The Commission sent two letters of formal notice and one reasoned opinion, meaning Cyprus must now convince Brussels that it is prepared to amend its legislation within set deadlines in order to fully comply in all three cases where it has diverged from EU law.
Where the problems were found
The Commission’s observations concern the following:
Incomplete implementation of the anti-money laundering directive
The Commission sent a letter of formal notice over the incorrect transposition of certain provisions of the directive on combating money laundering. Cyprus is listed, along with Lithuania, Poland and Slovenia, among the member states that, according to the Commission, have not correctly transposed key provisions of Directive (EU) 2018/1673 into national law, particularly regarding money laundering offences, the penalties provided for, and the aggravating circumstances that carry harsher sentences.
The directive establishes a common European framework defining money laundering offences and penalties, while strengthening police and judicial cooperation between member states and preventing criminal organisations from exploiting differences between national legal systems.

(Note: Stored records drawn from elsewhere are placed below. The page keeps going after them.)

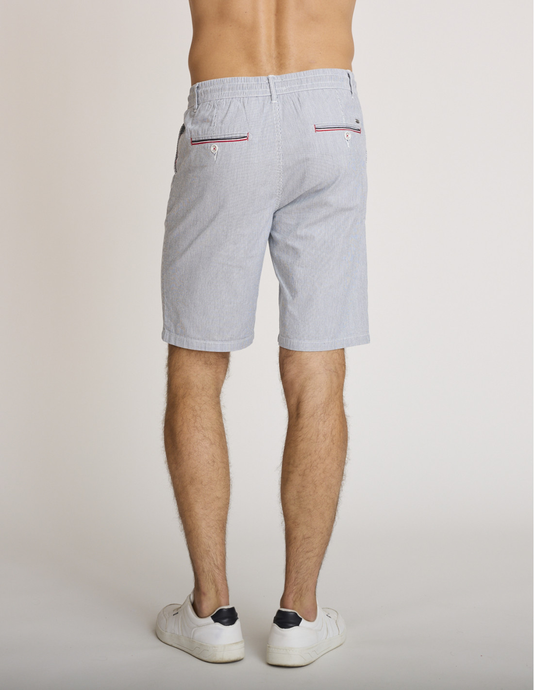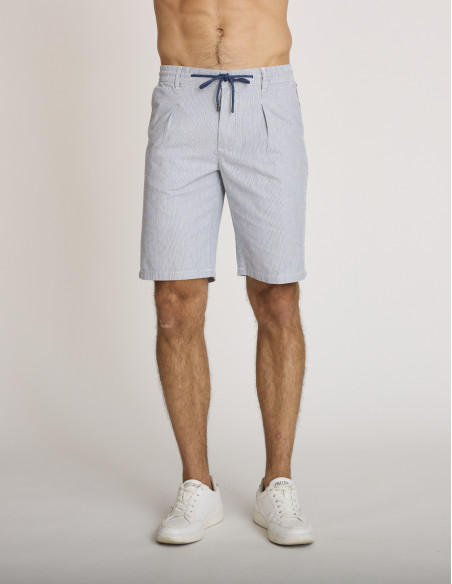 Un bermuda a righe blu e bianche indispensabile per un look estivo premium firmato DELAHAYE.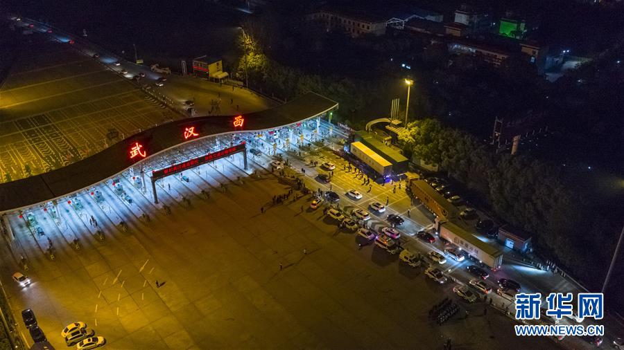4月8日凌晨,車輛通過武漢北高速收費站(無人機(jī)照片)。 新華社記者 肖藝九 攝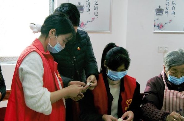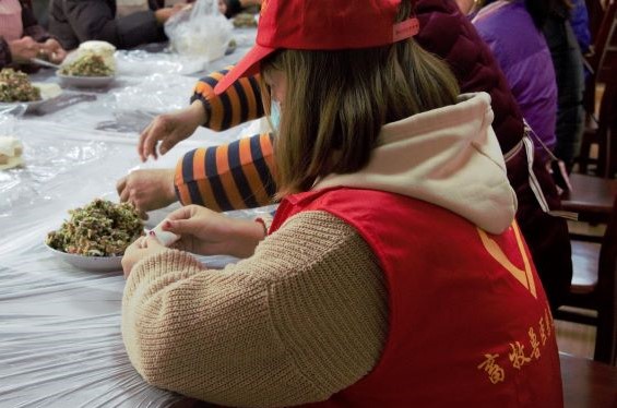 活动中,志愿者们认真学习包饺子,亲手将这些裹着温情和心意的饺子送给社区的老人们,献上了一份温暖的冬至祝福。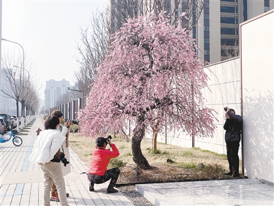 3月14日,在市區(qū)王屋山路蘇荷象灣壹號(hào)小區(qū)門(mén)前,兩株盛開(kāi)的龍梅形成兩團(tuán)巨大的粉色花簇,吸引不少市民圍觀(guān)拍照。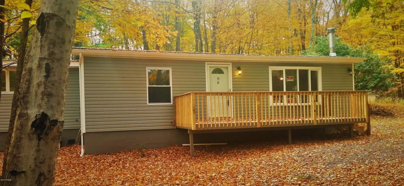 Full time, Rental Or Vacation Get-A-Way.Your Choice. This Totally Renovated Home (inside and out) Features 2 Bedrooms, 2 Baths, Kitchen, Dining Area With Sliding Glass Doors to a 16x12 Screened Deck, Laminate hardwood floor throughout the home, wood burning stove in Living Room, Master bedroom with bath and private entrance to Deck, Air conditioning, Large Front Deck and Super Sized 700+ square foot Back Deck. All this on a Nice level private lot. Paupackan Lake Estates features a Private Sandy Beach for swimming, 250 acre Lake for fishing, Playground Area, Basket Ball Court And Picnic Area... . All only minutes to town and Lake Wallenpaupack boat access.

According to the Commission, one of the directive’s key innovations is the ability to prosecute money laundering even without a prior conviction for the underlying offence that generated the illicit proceeds, as well as the ability to prosecute individuals who launder proceeds from their own criminal activities, known as self-laundering.
Incomplete implementation of tax information exchange rules
The Commission sent the Cypriot government a reasoned opinion over the incomplete transposition of the directive on administrative cooperation in the field of taxation and the exchange of information between member states.
Along with Belgium and Bulgaria, Cyprus has not yet adopted or notified the Commission of all the national measures necessary to implement the directive, which amends the existing framework for administrative cooperation on tax matters, prompting the Commission to advance proceedings against all three member states.
Directive (EU) 2025/872 provides for the standardisation of the collection of top-up tax information returns and the automatic exchange of the relevant data between member states’ tax authorities. This obligation forms part of the implementation of the directive on the global minimum tax rate for multinational groups and large domestic businesses.
Failure to provide bank transaction data to OLAF
It was found that Cyprus has not complied with its obligations regarding the European Anti-Fraud Office (OLAF), as Cypriot legislation does not allow the office to obtain banking data as part of investigations into suspected criminal offences.
This obligation is set out in Article 7(3a) of the regulation, which was added under the 2020 revision to strengthen member states’ cooperation with OLAF in protecting the EU’s financial interests. The Commission considers that current Cypriot legislation conflicts with EU law and significantly limits the effectiveness of OLAF’s administrative investigations.
Cyprus has a two-month deadline to submit its observations and address the shortcomings identified by the Commission.